The world’s deepest shipwreck has been discovered more than 22,600 feet below the surface of the Pacific Ocean. It is a WWII US Navy destroyer.
The USS Destroyer Escort Samuel B. Roberts (DE-413), known as the Sammy B, was located on Wednesday in the Philippine Sea.
The vessel went down during the Battle of Samar in the Philippine Sea in October 1944 after it was hit by Japanese fire.
The discovery was not made by the scientists but by Texas billionaire Victor Vescovo, who owns a deep-diving submersible.

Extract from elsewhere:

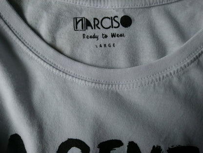 Narciso ready to wear shirt. Wit met opdruk. Maat L.

On October 15, the Japanese tried to engage Allied navy forces off the coast of the Philippines, which were on their way west and away from the enemy fire line.
The Sammy B was one of the last remaining US ships and is known for its heroic stand against the Japanese, according to BBC.
The ship was outnumbered against the Japanese fleet but held its own until shells punctured through its walls, and it began to sink.
There were 224 men aboard the Sammy, but 89 were killed when it sank, and the rest floated in life rafts for 50 hours before being rescued.
‘It appears her bow hit the seafloor with some force, causing some buckling,’ he shared in a tweet.
‘Her stern also separated about 5 meters on impact, but the whole wreck was together.’
‘This small ship took on the finest of the Japanese Navy, fighting them to the end.’
‘The Sammy B is a small vessel as military ships go, and we weren’t sure that we could find her in the vast and extremely deep ocean where she went down,’ Vescovo told CNN.
‘But with perseverance, some great historical analysis, and a whole lot of deep ocean technology and hard work, we were able to find her and provide a great opportunity to tell her amazing story.’
It was the first ship to be named after coxswain Samuel Booker Roberts Jr, who enlisted in the Navy in 1939 and fought in WWII.
Roberts has the greatest honor of having three Navy ships named after him: DE 413; DD 823, a destroyer that took part in the first air strikes from a nuclear-powered aircraft carrier; and USS Samuel B. Roberts (FFG 58), the frigate that hit a mine during 1988’s Operation Earnest Will.